▸ EXERCISE AIM
Since the copy must match the original, write out each record word for word, skipping only the pictures.
──────── DATA TO PROCESS ────────
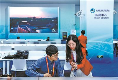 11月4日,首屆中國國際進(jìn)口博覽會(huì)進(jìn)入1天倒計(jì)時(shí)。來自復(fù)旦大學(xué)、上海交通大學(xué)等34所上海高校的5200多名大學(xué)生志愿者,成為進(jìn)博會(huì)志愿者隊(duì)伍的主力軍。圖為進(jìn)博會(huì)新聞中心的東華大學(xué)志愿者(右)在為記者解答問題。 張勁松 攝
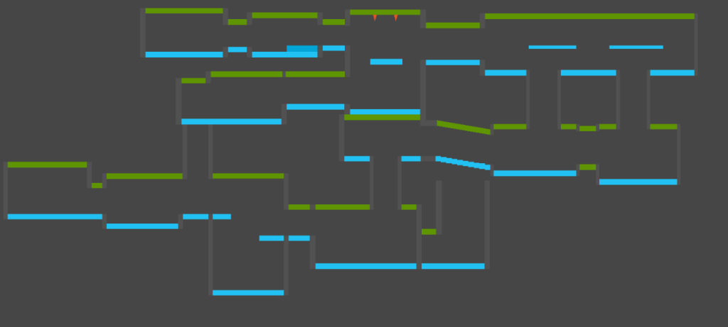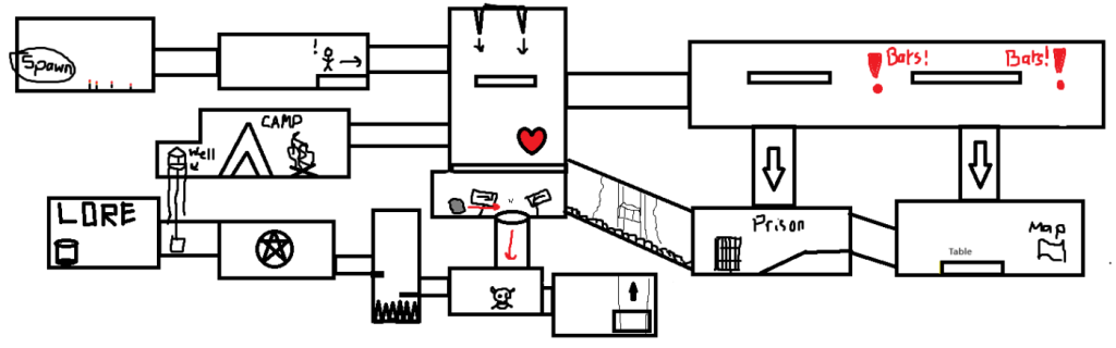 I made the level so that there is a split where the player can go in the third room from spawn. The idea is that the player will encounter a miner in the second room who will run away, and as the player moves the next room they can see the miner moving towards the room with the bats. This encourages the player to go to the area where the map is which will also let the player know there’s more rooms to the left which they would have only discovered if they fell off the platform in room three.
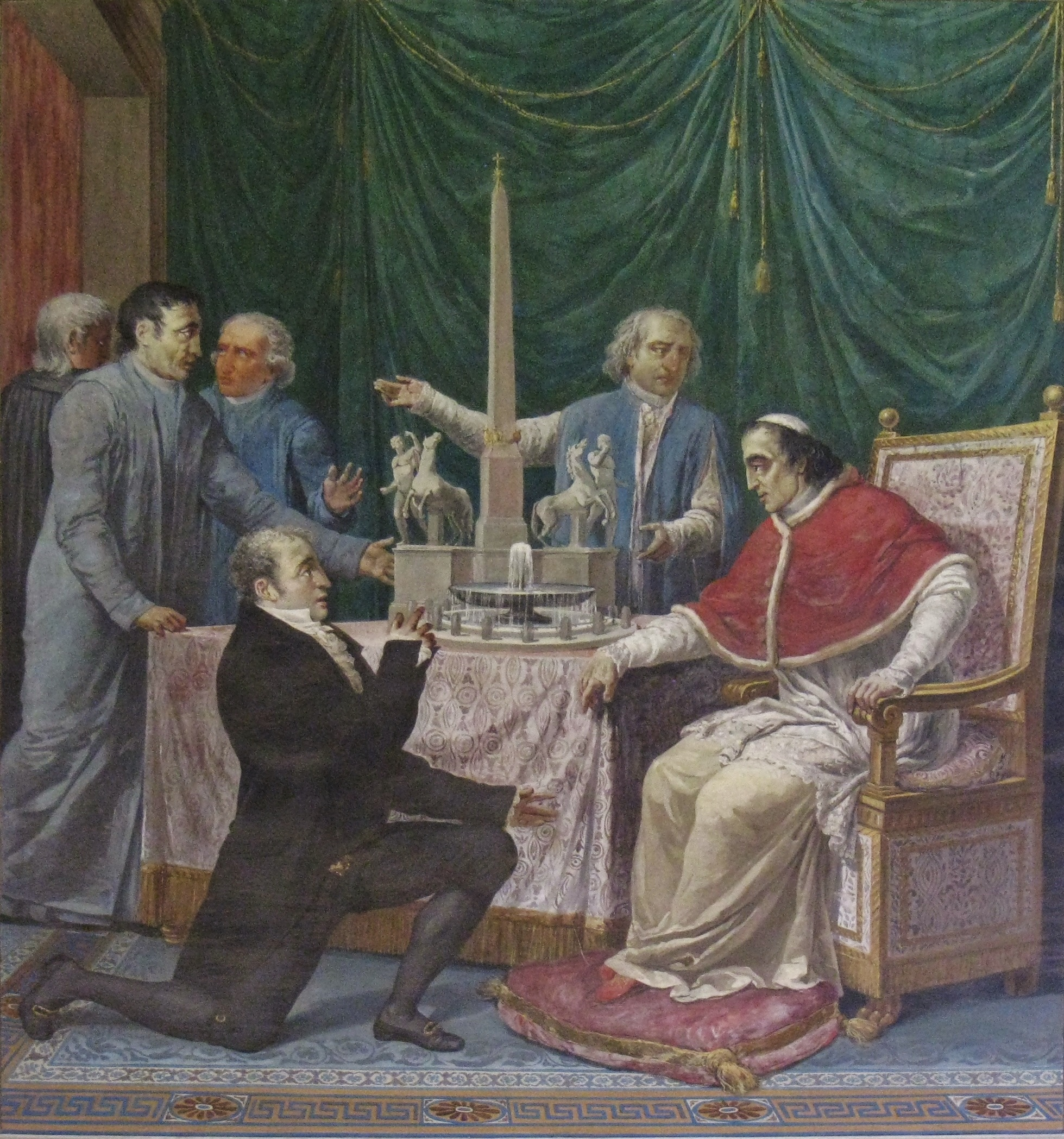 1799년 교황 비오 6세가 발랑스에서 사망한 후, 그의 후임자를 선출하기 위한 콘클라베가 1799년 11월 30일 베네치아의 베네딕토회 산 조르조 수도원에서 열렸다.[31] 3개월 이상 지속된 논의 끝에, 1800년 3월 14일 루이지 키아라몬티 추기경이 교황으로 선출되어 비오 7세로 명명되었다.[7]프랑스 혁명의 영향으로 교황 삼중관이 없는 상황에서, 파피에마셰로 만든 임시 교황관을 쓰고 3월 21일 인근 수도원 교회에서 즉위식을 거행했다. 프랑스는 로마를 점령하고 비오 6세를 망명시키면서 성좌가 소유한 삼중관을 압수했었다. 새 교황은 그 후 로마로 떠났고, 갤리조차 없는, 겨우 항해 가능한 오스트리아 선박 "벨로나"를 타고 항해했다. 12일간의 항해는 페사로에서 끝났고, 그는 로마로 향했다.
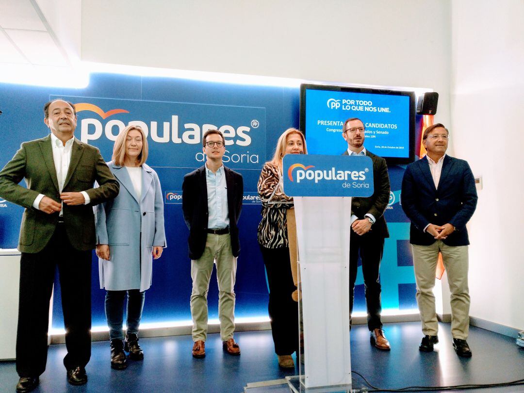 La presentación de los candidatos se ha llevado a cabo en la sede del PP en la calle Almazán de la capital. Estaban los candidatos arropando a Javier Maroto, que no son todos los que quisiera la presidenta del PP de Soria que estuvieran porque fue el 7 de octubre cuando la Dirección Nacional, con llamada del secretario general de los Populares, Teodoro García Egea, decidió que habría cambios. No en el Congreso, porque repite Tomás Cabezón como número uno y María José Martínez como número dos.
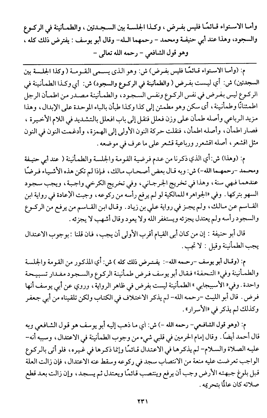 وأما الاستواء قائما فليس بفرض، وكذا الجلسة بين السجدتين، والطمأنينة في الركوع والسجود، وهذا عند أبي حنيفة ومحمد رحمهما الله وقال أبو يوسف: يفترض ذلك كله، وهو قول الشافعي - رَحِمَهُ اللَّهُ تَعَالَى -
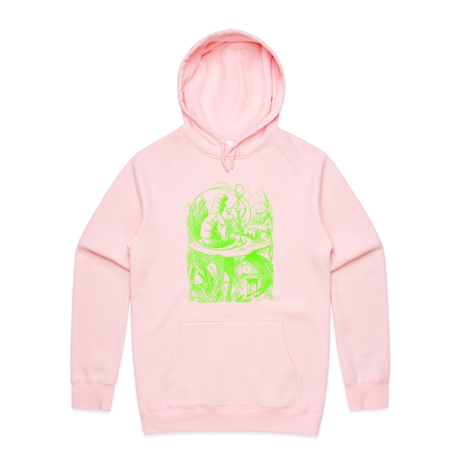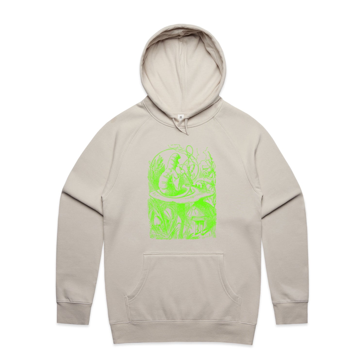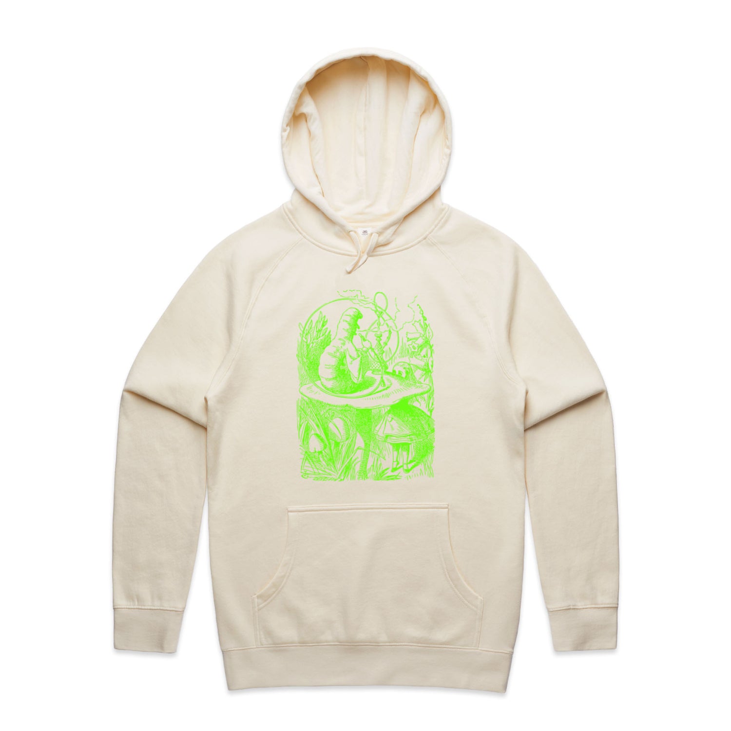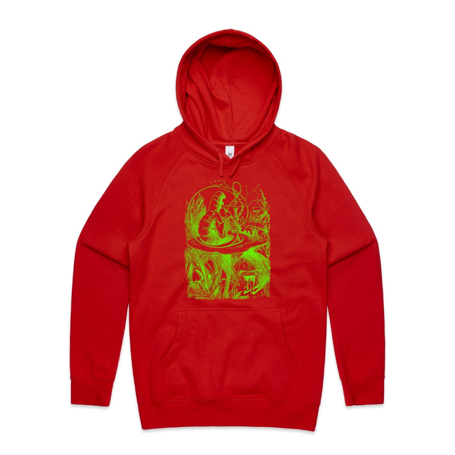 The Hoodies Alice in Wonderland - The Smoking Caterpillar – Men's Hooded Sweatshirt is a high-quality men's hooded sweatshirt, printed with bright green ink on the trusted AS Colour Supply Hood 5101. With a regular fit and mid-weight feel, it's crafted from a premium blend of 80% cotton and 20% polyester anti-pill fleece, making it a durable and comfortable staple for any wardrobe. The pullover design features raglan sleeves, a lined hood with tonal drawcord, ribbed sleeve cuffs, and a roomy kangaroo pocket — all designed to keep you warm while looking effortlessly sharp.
────────
▸ WORKED SOLUTION
 11月4日,首屆中國國際進(jìn)口博覽會(huì)進(jìn)入1天倒計(jì)時(shí)。來自復(fù)旦大學(xué)、上海交通大學(xué)等34所上海高校的5200多名大學(xué)生志愿者,成為進(jìn)博會(huì)志愿者隊(duì)伍的主力軍。圖為進(jìn)博會(huì)新聞中心的東華大學(xué)志愿者(右)在為記者解答問題。 張勁松 攝
 I made the level so that there is a split where the player can go in the third room from spawn. The idea is that the player will encounter a miner in the second room who will run away, and as the player moves the next room they can see the miner moving towards the room with the bats. This encourages the player to go to the area where the map is which will also let the player know there’s more rooms to the left which they would have only discovered if they fell off the platform in room three.
 1799년 교황 비오 6세가 발랑스에서 사망한 후, 그의 후임자를 선출하기 위한 콘클라베가 1799년 11월 30일 베네치아의 베네딕토회 산 조르조 수도원에서 열렸다.[31] 3개월 이상 지속된 논의 끝에, 1800년 3월 14일 루이지 키아라몬티 추기경이 교황으로 선출되어 비오 7세로 명명되었다.[7]프랑스 혁명의 영향으로 교황 삼중관이 없는 상황에서, 파피에마셰로 만든 임시 교황관을 쓰고 3월 21일 인근 수도원 교회에서 즉위식을 거행했다. 프랑스는 로마를 점령하고 비오 6세를 망명시키면서 성좌가 소유한 삼중관을 압수했었다. 새 교황은 그 후 로마로 떠났고, 갤리조차 없는, 겨우 항해 가능한 오스트리아 선박 "벨로나"를 타고 항해했다. 12일간의 항해는 페사로에서 끝났고, 그는 로마로 향했다.
 La presentación de los candidatos se ha llevado a cabo en la sede del PP en la calle Almazán de la capital. Estaban los candidatos arropando a Javier Maroto, que no son todos los que quisiera la presidenta del PP de Soria que estuvieran porque fue el 7 de octubre cuando la Dirección Nacional, con llamada del secretario general de los Populares, Teodoro García Egea, decidió que habría cambios. No en el Congreso, porque repite Tomás Cabezón como número uno y María José Martínez como número dos.
 وأما الاستواء قائما فليس بفرض، وكذا الجلسة بين السجدتين، والطمأنينة في الركوع والسجود، وهذا عند أبي حنيفة ومحمد رحمهما الله وقال أبو يوسف: يفترض ذلك كله، وهو قول الشافعي - رَحِمَهُ اللَّهُ تَعَالَى -
 The Hoodies Alice in Wonderland - The Smoking Caterpillar – Men's Hooded Sweatshirt is a high-quality men's hooded sweatshirt, printed with bright green ink on the trusted AS Colour Supply Hood 5101. With a regular fit and mid-weight feel, it's crafted from a premium blend of 80% cotton and 20% polyester anti-pill fleece, making it a durable and comfortable staple for any wardrobe. The pullover design features raglan sleeves, a lined hood with tonal drawcord, ribbed sleeve cuffs, and a roomy kangaroo pocket — all designed to keep you warm while looking effortlessly sharp.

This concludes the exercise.